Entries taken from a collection
§ §

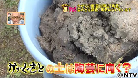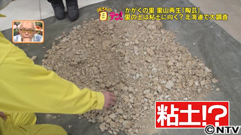 2人が狙ったのは、排水工事のため掘った穴。すると、自ら花瓶も焼いている里の達人、西野さんから土選びのポイントが!なんと、作物を育てている表面の土は陶芸に向かないそう。ということで、それぞれ「ここぞ」という場所の土を採取。
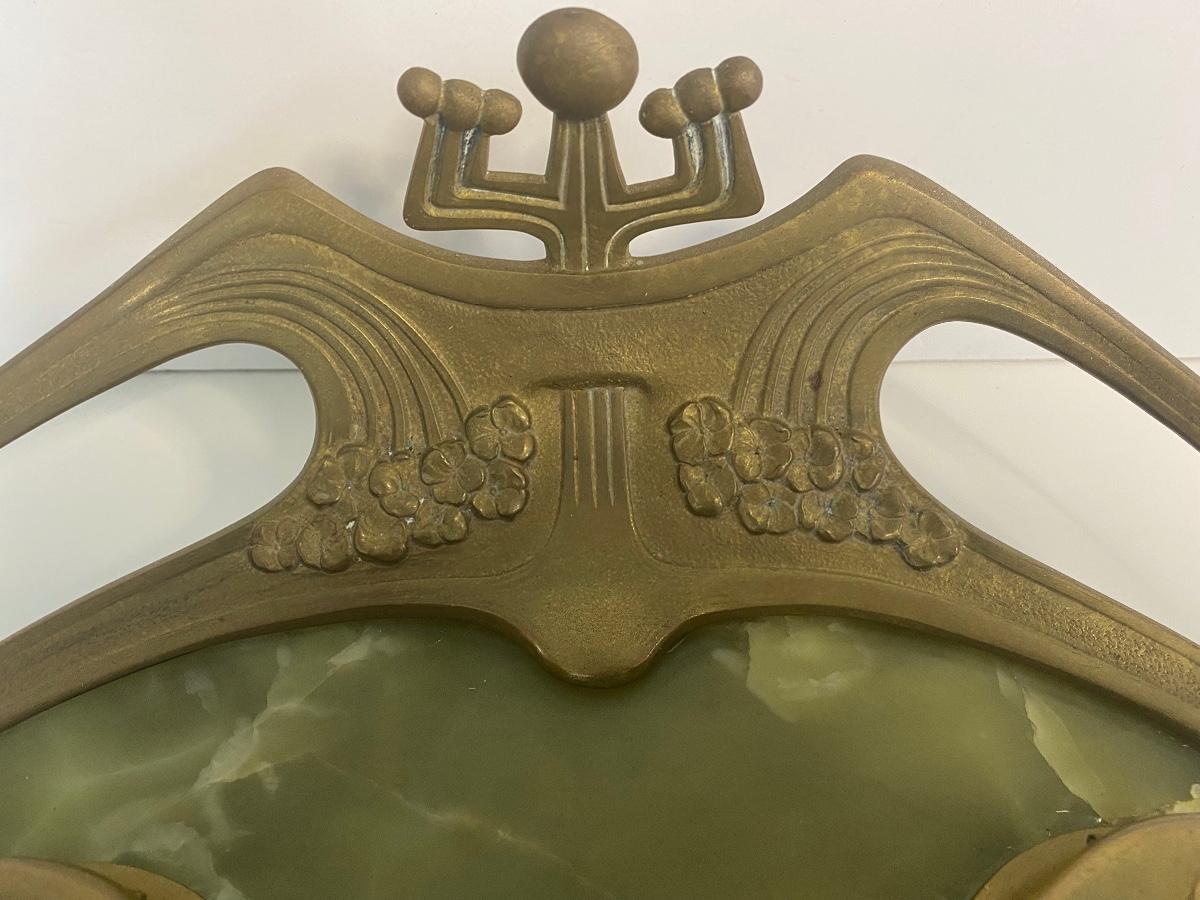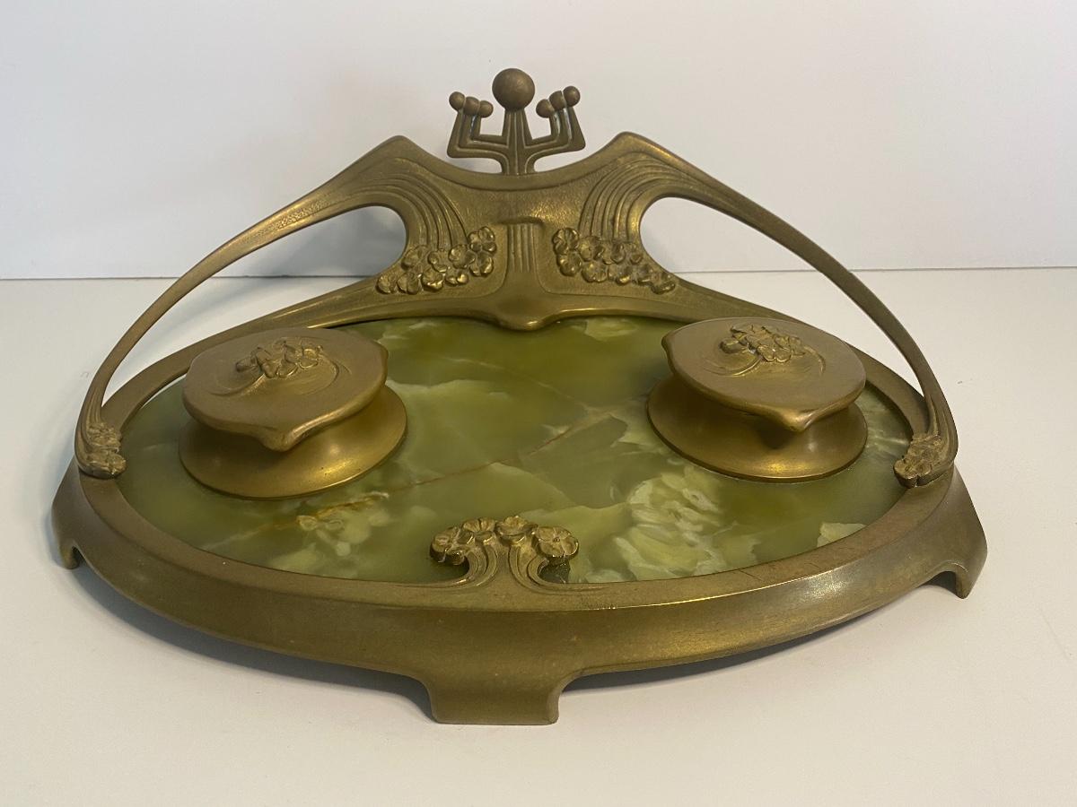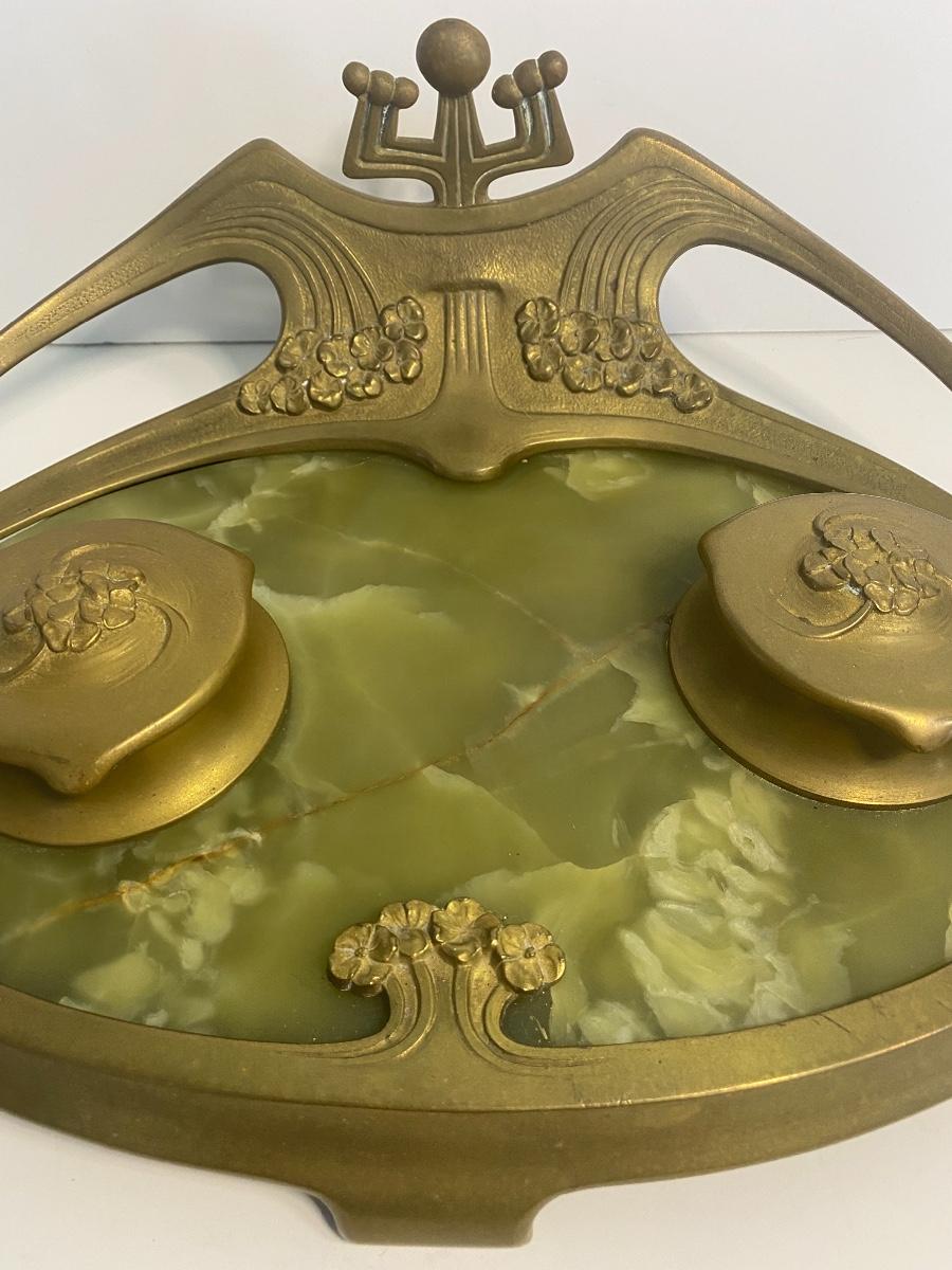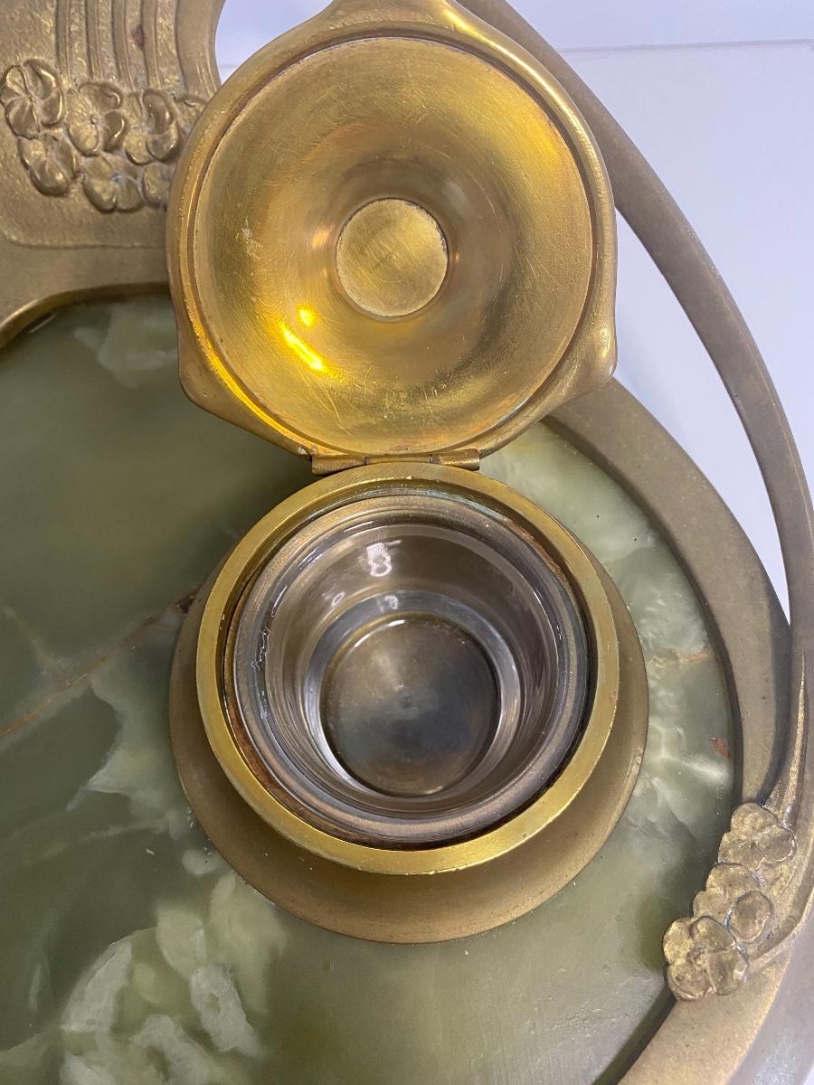 Gorgeous green marble antique inkwell. The inkwell base is green marble, it has a natural crack in it, but does not go all the way through. Also, one of the glass inserts is gone. These are very hard to find and in this size and condition!
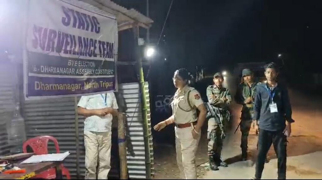 According to sources, a total of six nak checking points have been set up across the Dharmanagar area. Personnel have been deployed at each point round the clock, carrying out their duties without interruption.On the day, in the Dighalbak area of Dharmanagar town, police stopped and checked several two-wheelers and four-wheelers under strict supervision. The intensified checking aims to prevent any violation of election rules and curb the transportation of illegal items.The administration has stated that such nak checking drives will continue in the coming days to ensure a free, fair, and peaceful by-election.
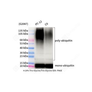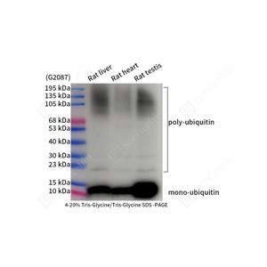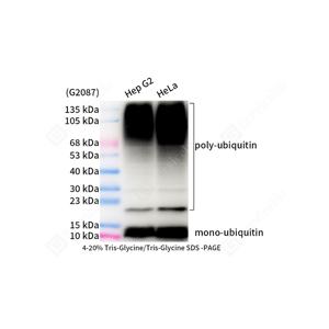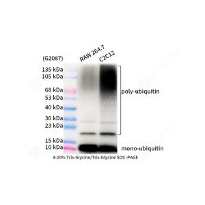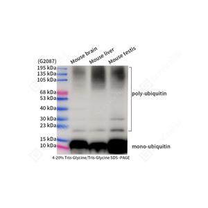 | WB检测Ubiquitin蛋白(货号 GB155700). 样品: 经RIPA裂解液(货号G2002)处理的蛋白质. 封闭: 3%脱脂牛奶(货号GC310001)溶于TBST溶液, 室温孵育1小时. —抗: 1: 1000稀释, 4℃ 孵育过夜. 二抗: HRP标记山羊抗兔IgG (H+L) (货号GB23303), 1: 5000稀释, 室温孵育1小时. |
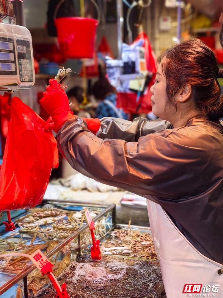 这里没有中环的玻璃幕墙那般冷峻,有的是市井深处最扎实的生活质感。狭窄的街道被红色的遮阳蓬映得暖融融的,空气中混杂着咸鲜的海味、清甜的水果香,还有不绝于耳的粤语讨价还价声。
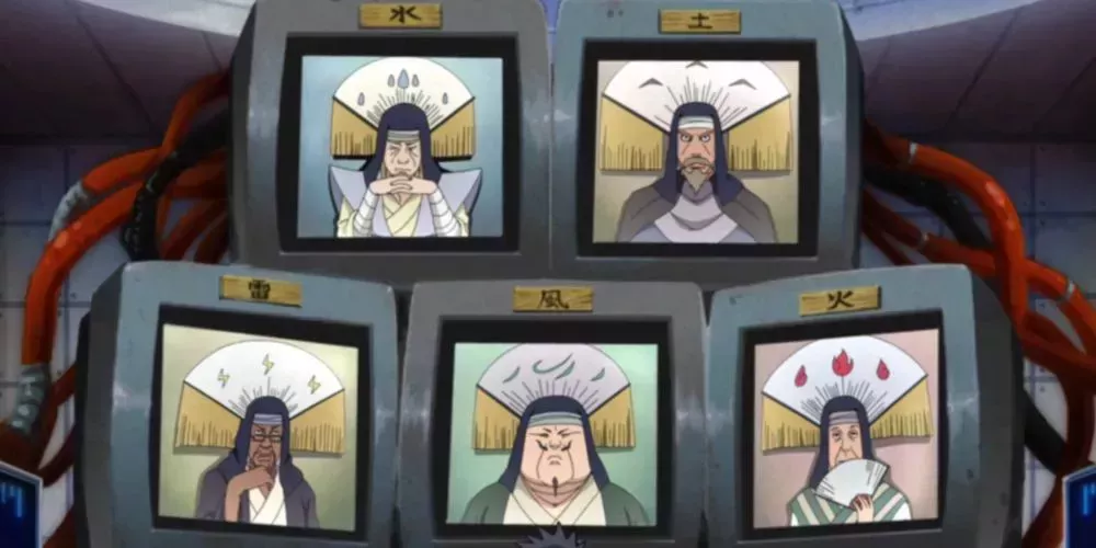En el mundo shinobi, el Kage funciona como lÃder militar de una Aldea Oculta, mientras que el daimyo sirve como su figura polÃtica. Estos lÃderes trabajan junto con equipos de asesores, un consejo de ancianos y ayudas extranjeras para tomar decisiones ejecutivas sobre su paÃs.
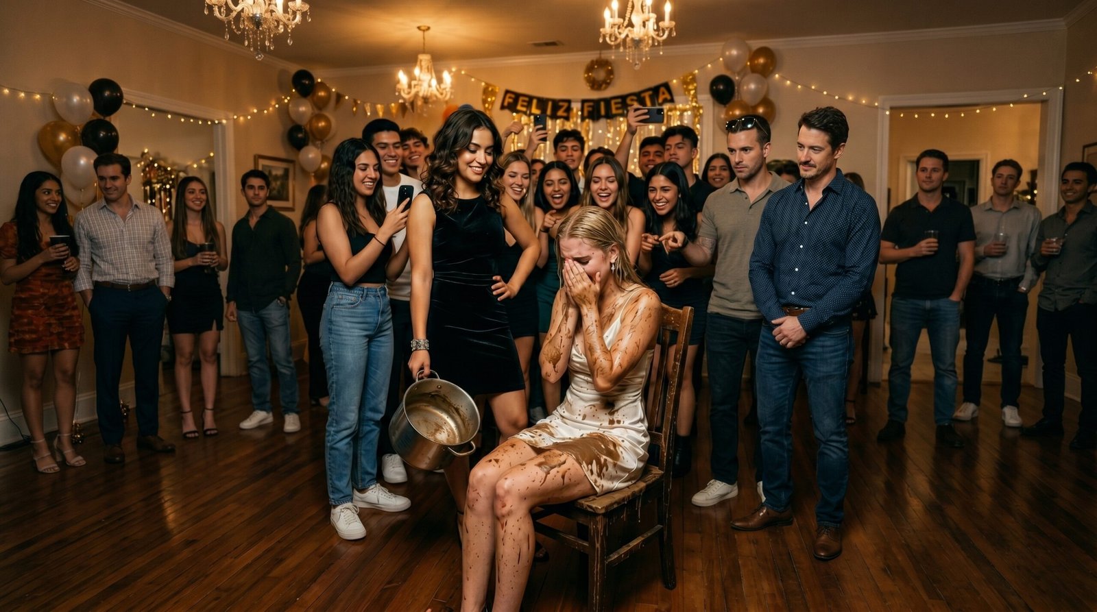 Andrea había soportado años de abusos por parte de sus «amigos» de la alta sociedad. Esa noche, la invitaron solo para usarla de burla. El empujón de Roberto fue la gota que derramó el vaso. Tirada en el lodo, con el olor a humedad pudriendo su ropa, Andrea los observó. Roberto, con su rostro sin barba, lideraba las risas. Los ojos de Andrea, libres de gafas y llenos de furia fría, memorizaron cada rostro que se burló de ella.
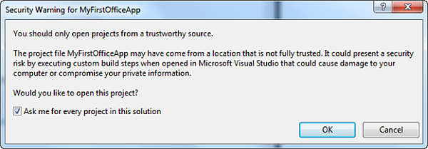 - Select “App for Office” from the installed templates, enter a name for the app and then click on the Ok button.
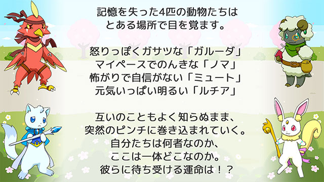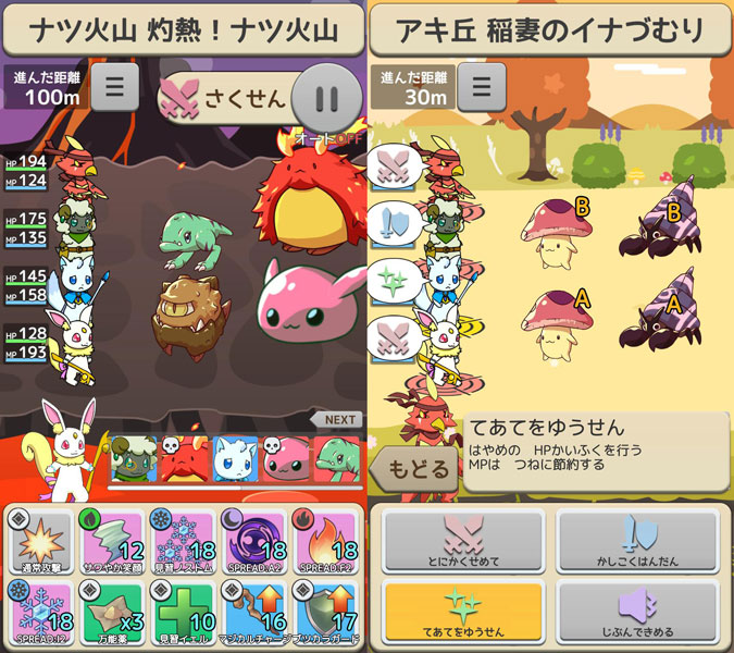 失った記憶を取り戻すために、マモノたちとのドキドキコマンドバトル! 最大10種類のアイテムや「おもいで」を自由に装備し、ダンジョンに挑戦しよう。 オートバトル機能で初心者でもサクサクプレイ、さくせんを指定することも可能。
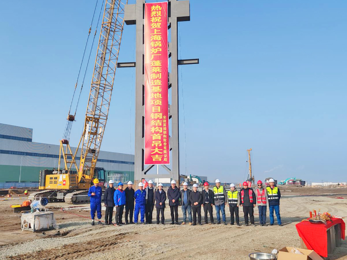 富煌钢构承建的蓬莱大型高端装备制造基地项目钢结构首吊顺利完成
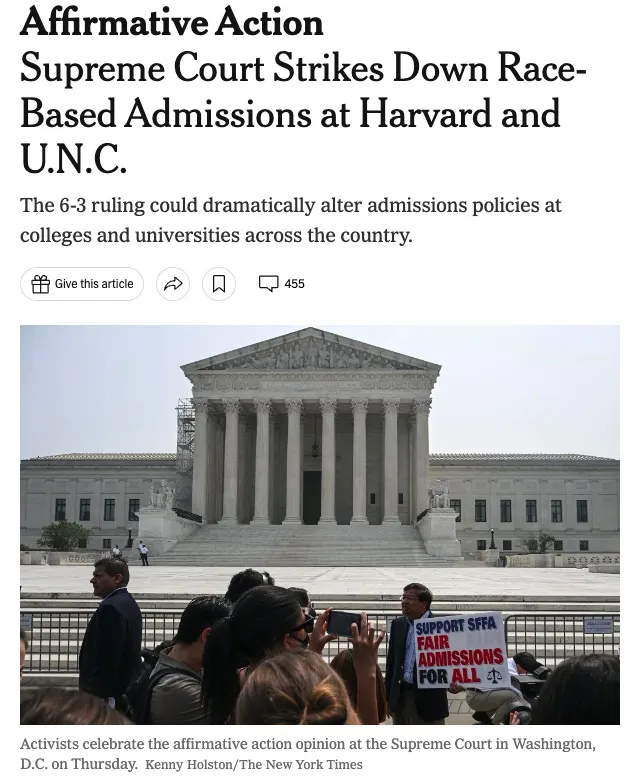 美国最高法院历史性裁决:禁止美国大学招生录取考虑种族因素!

§ §

What is needed is an exact repeat of every entry above, with the pictures left out.

 2人が狙ったのは、排水工事のため掘った穴。すると、自ら花瓶も焼いている里の達人、西野さんから土選びのポイントが!なんと、作物を育てている表面の土は陶芸に向かないそう。ということで、それぞれ「ここぞ」という場所の土を採取。
 Gorgeous green marble antique inkwell. The inkwell base is green marble, it has a natural crack in it, but does not go all the way through. Also, one of the glass inserts is gone. These are very hard to find and in this size and condition!
 According to sources, a total of six nak checking points have been set up across the Dharmanagar area. Personnel have been deployed at each point round the clock, carrying out their duties without interruption.On the day, in the Dighalbak area of Dharmanagar town, police stopped and checked several two-wheelers and four-wheelers under strict supervision. The intensified checking aims to prevent any violation of election rules and curb the transportation of illegal items.The administration has stated that such nak checking drives will continue in the coming days to ensure a free, fair, and peaceful by-election.
 | WB检测Ubiquitin蛋白(货号 GB155700). 样品: 经RIPA裂解液(货号G2002)处理的蛋白质. 封闭: 3%脱脂牛奶(货号GC310001)溶于TBST溶液, 室温孵育1小时. —抗: 1: 1000稀释, 4℃ 孵育过夜. 二抗: HRP标记山羊抗兔IgG (H+L) (货号GB23303), 1: 5000稀释, 室温孵育1小时. |
 这里没有中环的玻璃幕墙那般冷峻,有的是市井深处最扎实的生活质感。狭窄的街道被红色的遮阳蓬映得暖融融的,空气中混杂着咸鲜的海味、清甜的水果香,还有不绝于耳的粤语讨价还价声。
En el mundo shinobi, el Kage funciona como lÃder militar de una Aldea Oculta, mientras que el daimyo sirve como su figura polÃtica. Estos lÃderes trabajan junto con equipos de asesores, un consejo de ancianos y ayudas extranjeras para tomar decisiones ejecutivas sobre su paÃs.
 Andrea había soportado años de abusos por parte de sus «amigos» de la alta sociedad. Esa noche, la invitaron solo para usarla de burla. El empujón de Roberto fue la gota que derramó el vaso. Tirada en el lodo, con el olor a humedad pudriendo su ropa, Andrea los observó. Roberto, con su rostro sin barba, lideraba las risas. Los ojos de Andrea, libres de gafas y llenos de furia fría, memorizaron cada rostro que se burló de ella.
 - Select “App for Office” from the installed templates, enter a name for the app and then click on the Ok button.
 失った記憶を取り戻すために、マモノたちとのドキドキコマンドバトル! 最大10種類のアイテムや「おもいで」を自由に装備し、ダンジョンに挑戦しよう。 オートバトル機能で初心者でもサクサクプレイ、さくせんを指定することも可能。
 富煌钢构承建的蓬莱大型高端装备制造基地项目钢结构首吊顺利完成
 美国最高法院历史性裁决:禁止美国大学招生录取考虑种族因素!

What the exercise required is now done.